-- Opening Marker --

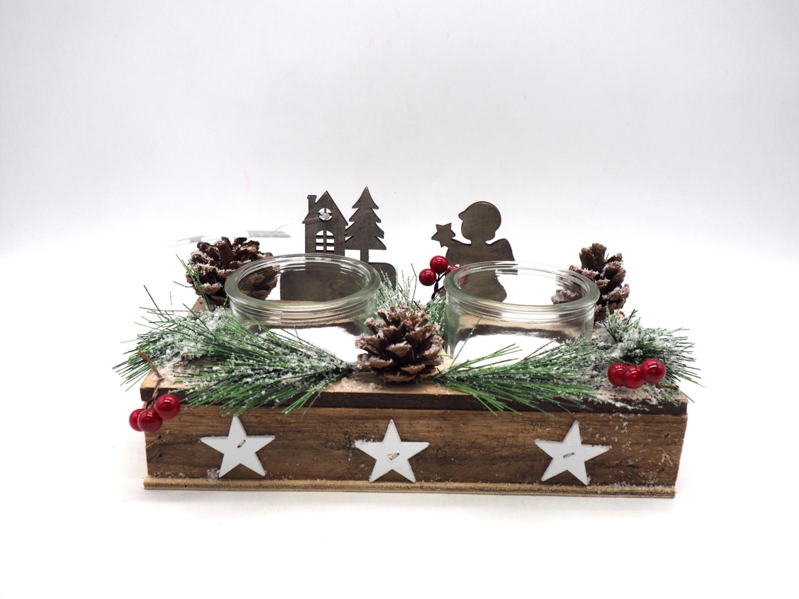 Porta Candela Legno Nevati C/Pigne/Bacche/Casa/Angelo H25X12X7Cm.C/2Vetr
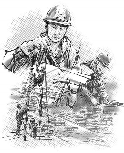 就個人條件而言,胡洪煒一米八的身高其實并不適合帶電作業(yè),但三年軍營練就的結實精壯以及先天的敏捷機靈完美地補充了身高的短板。多年之后,閆旭東依然清晰地記得徒弟曾經(jīng)帶給他的震撼。帶電作業(yè)兩大危險,一是高空,一是帶電。軟梯是電力人得以騫翮遠翥的依傍,可攀爬軟梯卻一度打濕了胡洪煒振翅欲飛的翅膀。新員工入職培訓的訓練場上,別人用一個月已經(jīng)熟練掌握了技巧,笨鳥胡洪煒卻剛剛及格。氣喘吁吁地爬到基塔的頂端,將自己蟄伏在離地面幾十米高的電線上,想像自己是一只俯瞰大地的鳥雀,一只暫時休整的雨燕,抑或是被印刷在音樂課本上的音符。音符在胡洪煒耳邊輕聲吟唱:我要飛得更高,更高!
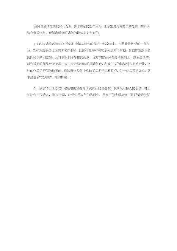 教师讲解该乐曲的时代背景,和作曲家的创作风格,让学生更充分的了解乐曲 的内容,结合背景资料,理解所听到的悲伤的情绪是如何来的。
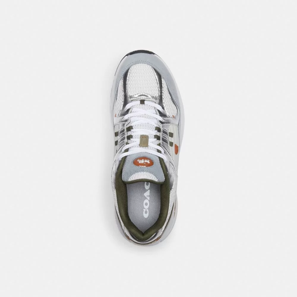 A sleek style based on classic running shoes, our sporty C301 sneaker is crafted in a mix of high-shine metallic leather, suede, leather and mesh fabric. Detailed with our iconic Horse and Carriage motif on the tongue, our Signature hardware at the side and our name at the heel, the lace-up design is finished with a lightweight EVA sole for all-day comfort and traction.
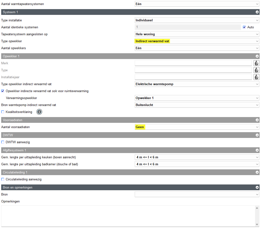 - De opwekker van het indirect verwarmde vat is elektrische warmtepomp, kies bij de bron buitenlucht (de NTA8800 rekent warmtepomppanelen door als buitenlucht).
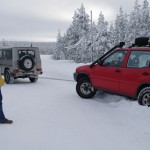 Das war uns dann irgendwann zu langweilig, und wir haben versucht, auf kleinere Nebenstraßen auszuweichen. Fehlanzeige: Nebenstraßen gibt es nicht, die Leute wohnen hier alle an (geräumten) Stichstraßen, die maximal wenige Kilometer von der Bundesstraße abführen. Ungeräumte Feldwege hingegen sind mit ca. 80cm Schneetiefe nach einer halben Wagenlänge unpassierbar. Nach einigen Fehlversuchen haben wir das dann aufgegeben und sind weiter zügig auf der schwedischen Seite (da ist 110 auf der Bundesstraße) gen Lulea gestrebt. Allein auf einem Parkplatz kam der Bergegurt zum Einsatz, und das auch weitestgehend vorsätzlich (s. Foto).
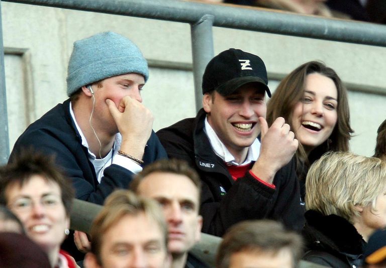 ▼2007年2月10日,凱特和威廉王子、哈利王子一起,在特威克納姆的RBS六國錦標賽上觀看橄欖球比賽。
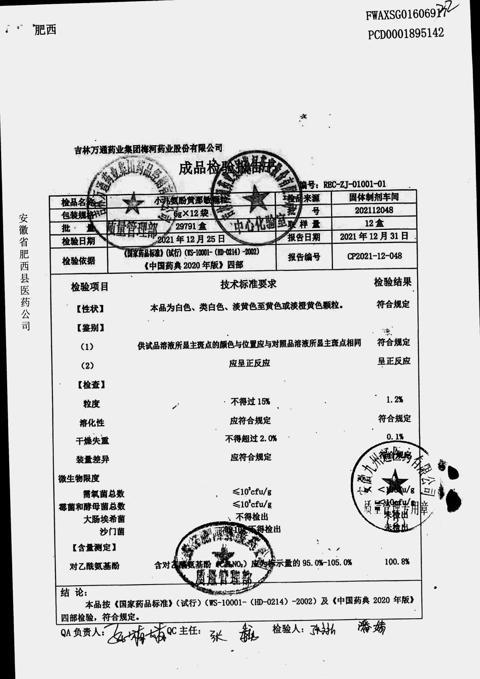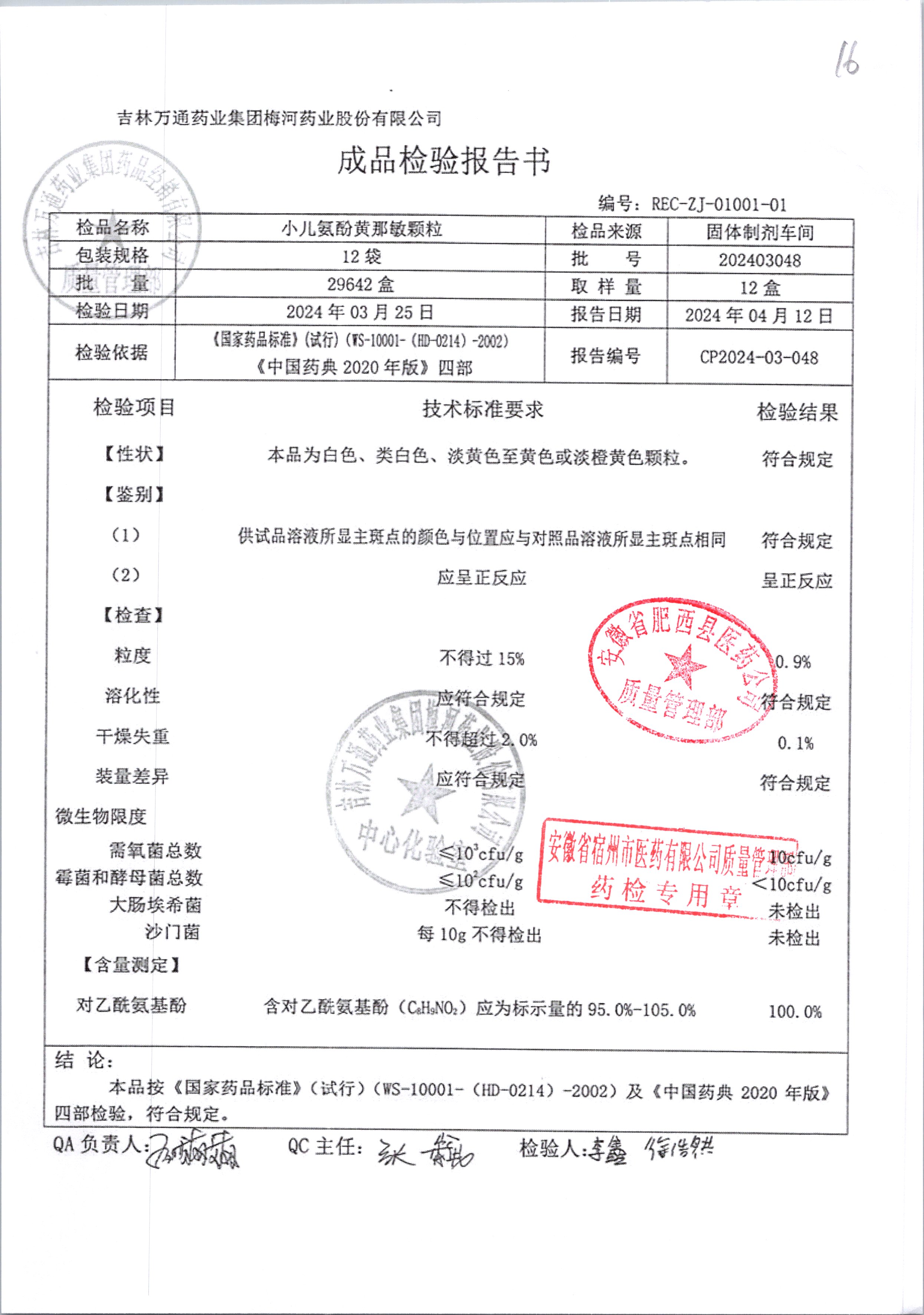 小儿氨酚黄那敏颗粒 | 6g/袋*12袋 | 202403048 | 查看详情 |

-- Closing Marker --

● ABOUT THIS EXERCISE:
Give back the exact lines above, running from the one that has "就個人條件而言,胡洪煒一米八" through the one that has "教师讲解该乐曲的时代背景,和", with nothing added and no pictures.

● SOLUTION FOR THIS TASK:
 就個人條件而言,胡洪煒一米八的身高其實并不適合帶電作業(yè),但三年軍營練就的結實精壯以及先天的敏捷機靈完美地補充了身高的短板。多年之后,閆旭東依然清晰地記得徒弟曾經(jīng)帶給他的震撼。帶電作業(yè)兩大危險,一是高空,一是帶電。軟梯是電力人得以騫翮遠翥的依傍,可攀爬軟梯卻一度打濕了胡洪煒振翅欲飛的翅膀。新員工入職培訓的訓練場上,別人用一個月已經(jīng)熟練掌握了技巧,笨鳥胡洪煒卻剛剛及格。氣喘吁吁地爬到基塔的頂端,將自己蟄伏在離地面幾十米高的電線上,想像自己是一只俯瞰大地的鳥雀,一只暫時休整的雨燕,抑或是被印刷在音樂課本上的音符。音符在胡洪煒耳邊輕聲吟唱:我要飛得更高,更高!
 教师讲解该乐曲的时代背景,和作曲家的创作风格,让学生更充分的了解乐曲 的内容,结合背景资料,理解所听到的悲伤的情绪是如何来的。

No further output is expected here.